The log transformation reveals a strong positive correlation between porosity and log(permeability) (r~0.82).  
We can find the equation of line of best fit as the following:

In [0]:
# denominator = X.dot(X) - X.mean()*X.sum()
# m = (X.dot(y) - y.mean()*X.sum()) / denominator
# b = (y.mean()*X.dot(X) - X.mean()*X.dot(y)) / denominator

In [0]:
denominator = df_log.PORO.dot(df_log.PORO) - df_log.PORO.mean() * df_log.PORO.sum()

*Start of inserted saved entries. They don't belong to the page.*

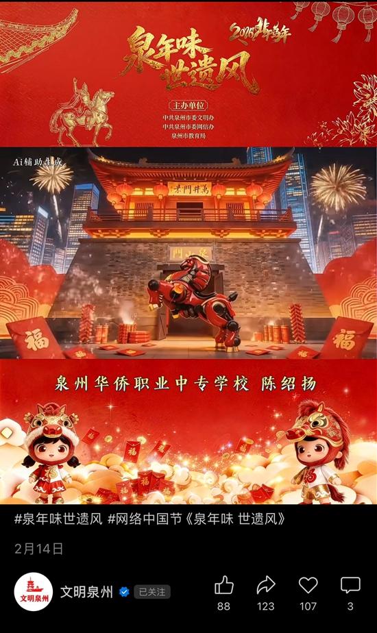 为深入学习贯彻习近平文化思想,落实“立德树人”根本任务,弘扬中华优秀传统文化,讲好节日故事,泉州市委文明办联合市委网信办、市教育局连续三年在春节、元宵节期间开展“泉年味·世遗风”系列活动。为期一个月的2026年“泉年味·世遗风”主题视频展播活动于2月6日启动,日前已正式落下帷幕。
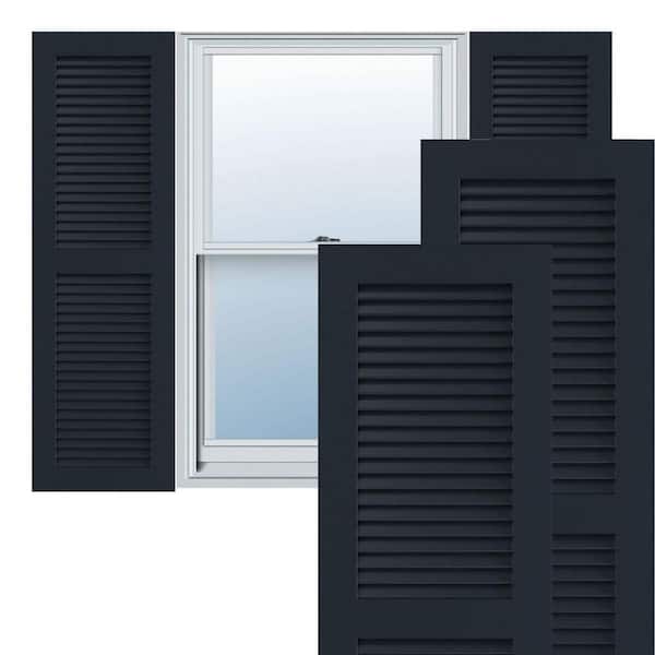 12 in. x 45 in. PVC True Fit Two Equal Louvered Shutters Pair in Starless Night Blue
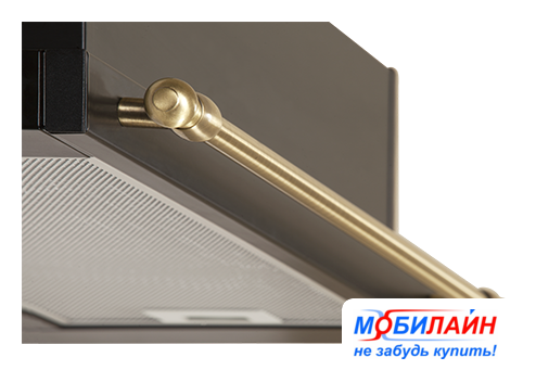 конструкция купольная, монтаж настенный, ширина 50 см, управление механическое/кнопочное, производительность вытяжки 600 м³/ч, цвет коричневый
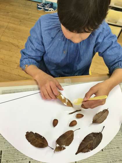 小学部6年生は桃山参道に行き,造形で使いたい落ち葉やどんぐり,枝を拾いました。たくさん落ちている場所を見つけると,「こっちにどんぐりがあるよー!」と教えてくれる友だちもいました。そして,拾ってきた材料の中から,自分が選んだものを使って飾りづくり。スプーンでボンドを丁寧に塗り,リースや帽子など素敵な飾りをつくっています。教室内に掲示しますので,ぜひご覧ください。
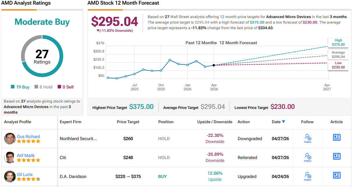 루리아는 이제 매수 등급을 부여한 18명의 다른 AMD 강세론자들과 합류했지만, 추가로 8명의 보유 의견이 있어 컨센서스 전망은 중간 매수다. 한편 주식의 대폭적인 상승으로 주가는 평균 목표주가 295.04달러를 12% 상회하고 있다. 이를 염두에 두고 곧 더 많은 수정이 있을 것으로 예상된다. (AMD 주가 전망 참조)
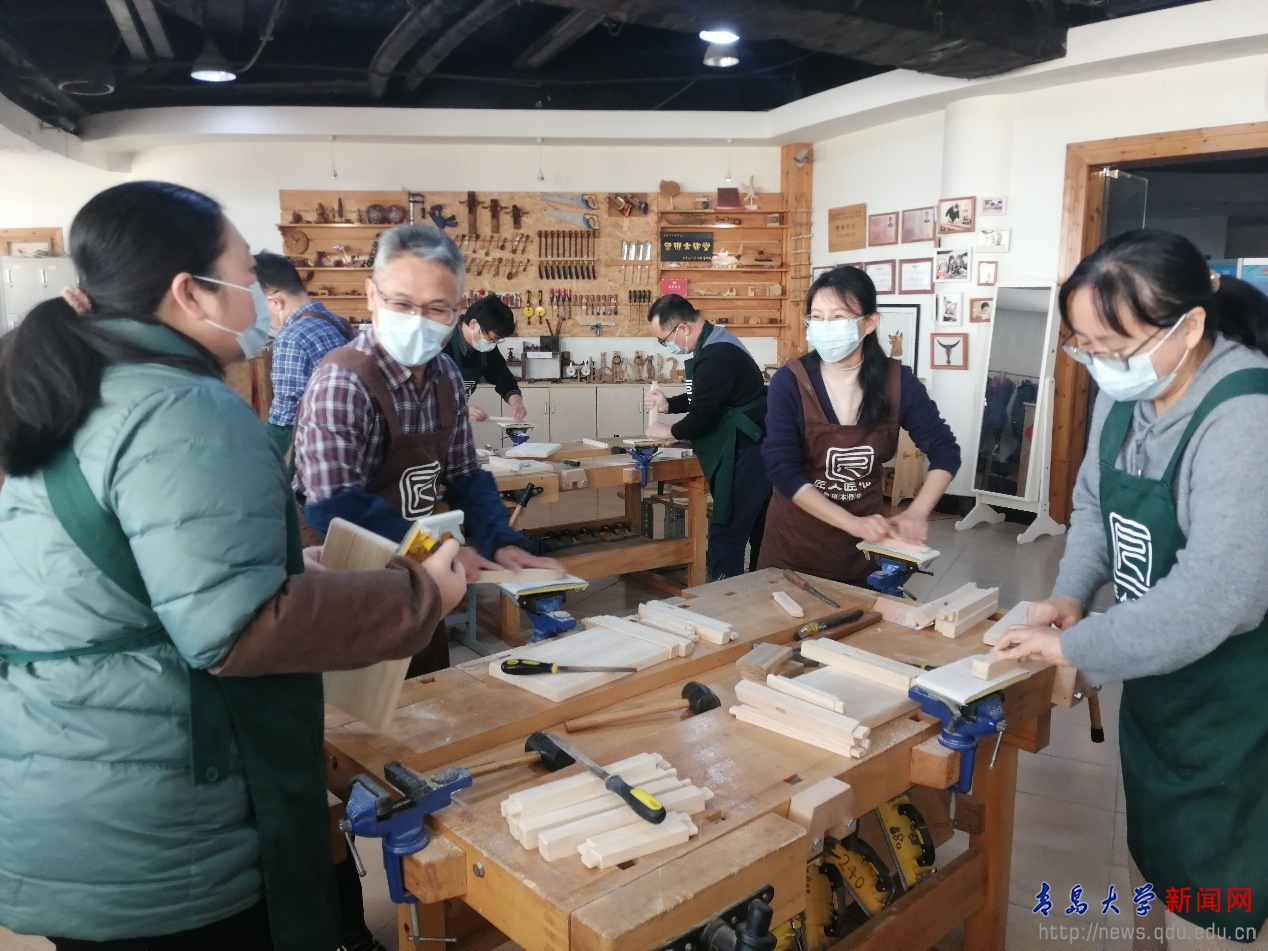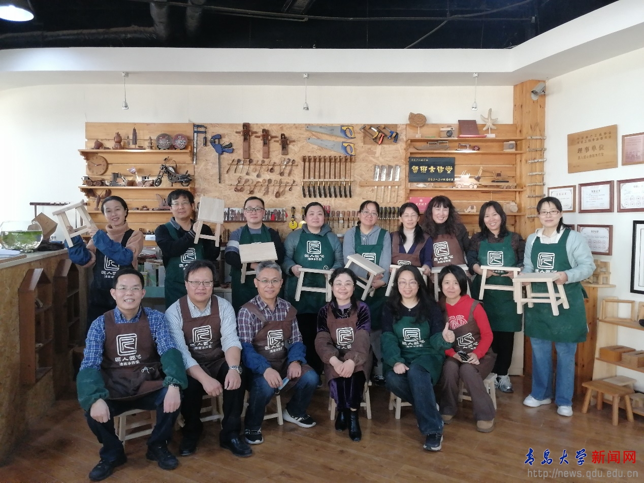本次活動中,學院教職工走進“魯班木作堂”,在木工專家的講解指導下親手制作木工小板凳。通過木塊打磨、榫卯拼接、乳膠加固、插接成型、后期修整等工藝流程,大家都成功地完成了自己的作品。

m = (df_log.PORO.dot(np.log10(df_log.PERM)) - np.log10(df_log.PERM).mean() * df_log.PORO.sum()) / denominator
b = (np.log10(df_log.PERM).mean() * df_log.PORO.dot(df_log.PORO) - df_log.PORO.mean() * df_log.PORO.dot(np.log10(df_log.PERM))) / denominator

y_pred = m * df_log.PORO + b

print('Line of best fit: log(permeability) = {:04.2f}*porosity {:=04.2f}'.format(m, b))

In [0]:
plt.plot(df_log.PORO, df_log.perm_log10, 'o')
plt.plot(df_log.PORO, y_pred, 'r')
plt.xlabel('Porosity')
plt.ylabel('log(Permeability)')
plt.show()

# 2. Analyzing the Effect of Depositional Environments



## a) Is there a significant difference in porosity in different depositional environments (marine vs nonmarine)? 

In [0]:
df_log.PORO.hist(by = df_log.EOD_NMT, figsize=(10,5))

print('Marine:\t', stats.describe(df_log.PORO[df_log.EOD_NMT == 'M']))
print('Non-Marine:\t', stats.describe(df_log.PORO[df_log.EOD_NMT == 'NM']))
print('Transitional:\t', stats.describe(df_log.PORO[df_log.EOD_NMT == 'T']))

Since 'T' has too little datapoints (51 observations), we will drop it from further analysis. We run the Shapiro-Wilk test to test for normality of the marine (M) and non-marine (NM) datasets.

In [0]:
print('Shapiro-Wilk - Porosity')
print('Marine: \t', stats.shapiro(df_log.PORO[df_log.EOD_NMT == 'M']))
print('Non-Marine:\t', stats.shapiro(df_log.PORO[df_log.EOD_NMT == 'NM']))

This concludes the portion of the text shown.